§ **EXERCISE DATA**

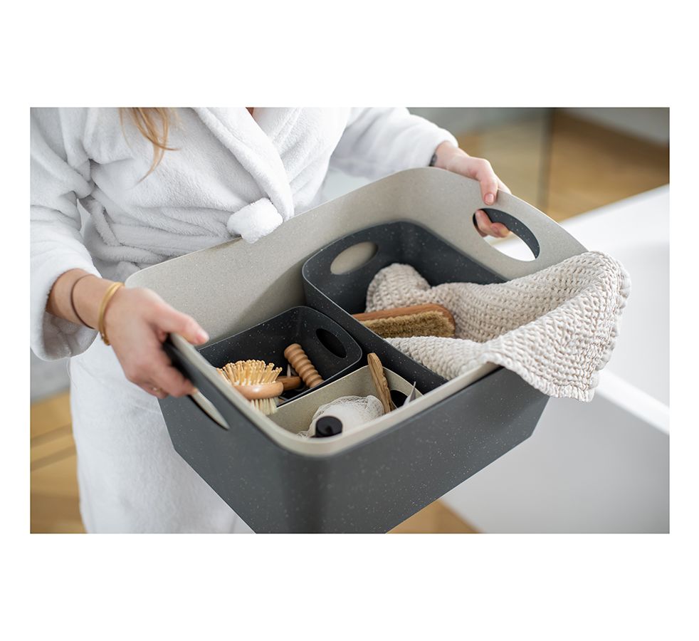 Вместительный органайзер с удобными ручками подходит для переноски одежды, полотенец, постельного белья, хранения игрушек и прочих аксессуаров. Он также может служить корзиной для белья или вовсе конейнером для отходов.
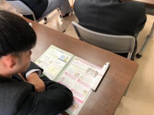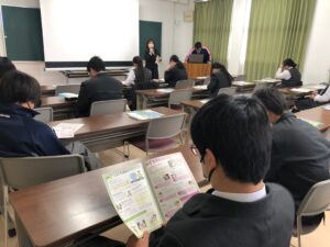 今回は、卒業後に島を出て、一人暮らしをする生徒が多いことから、消費生活と年金について講座を行いました。悪質な勧誘や消費者トラブルに巻き込まれないように真剣に聴講してました。年金については、まだ実感がないなかで、年金の大切さや仕組みについて理解できたと思います。少しずつ、社会に出ていく実感が湧き始めてきたと思います。
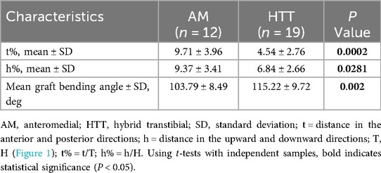 Results: Thirty-one patients were included in the study: 12 and 19 in the AM and HTT groups, respectively. Compared with the AM group (9.71 ± 3.96, 9.37 ± 3.41), the HTT group had significantly smaller percentage distances t% (4.54 ± 2.76) in the anterior and posterior directions, and percentage h% (6.84 ± 2.66) in the upward and downward directions (P = 0.0002, P = 0.0281). The bending angles of the grafts in the AM and HTT groups were 103.79 ± 8.49 and 115.22 ± 9.72, respectively (P = 0.002), and the AM composition angle was more pronounced.

§ **EXERCISE DIRECTIONS**
Each line from the start of the listing above through the line with "今回は、卒業後に島を出て、一" is what to output, exactly as written and without pictures.

§ **EXERCISE OUTPUT**
 Вместительный органайзер с удобными ручками подходит для переноски одежды, полотенец, постельного белья, хранения игрушек и прочих аксессуаров. Он также может служить корзиной для белья или вовсе конейнером для отходов.
 今回は、卒業後に島を出て、一人暮らしをする生徒が多いことから、消費生活と年金について講座を行いました。悪質な勧誘や消費者トラブルに巻き込まれないように真剣に聴講してました。年金については、まだ実感がないなかで、年金の大切さや仕組みについて理解できたと思います。少しずつ、社会に出ていく実感が湧き始めてきたと思います。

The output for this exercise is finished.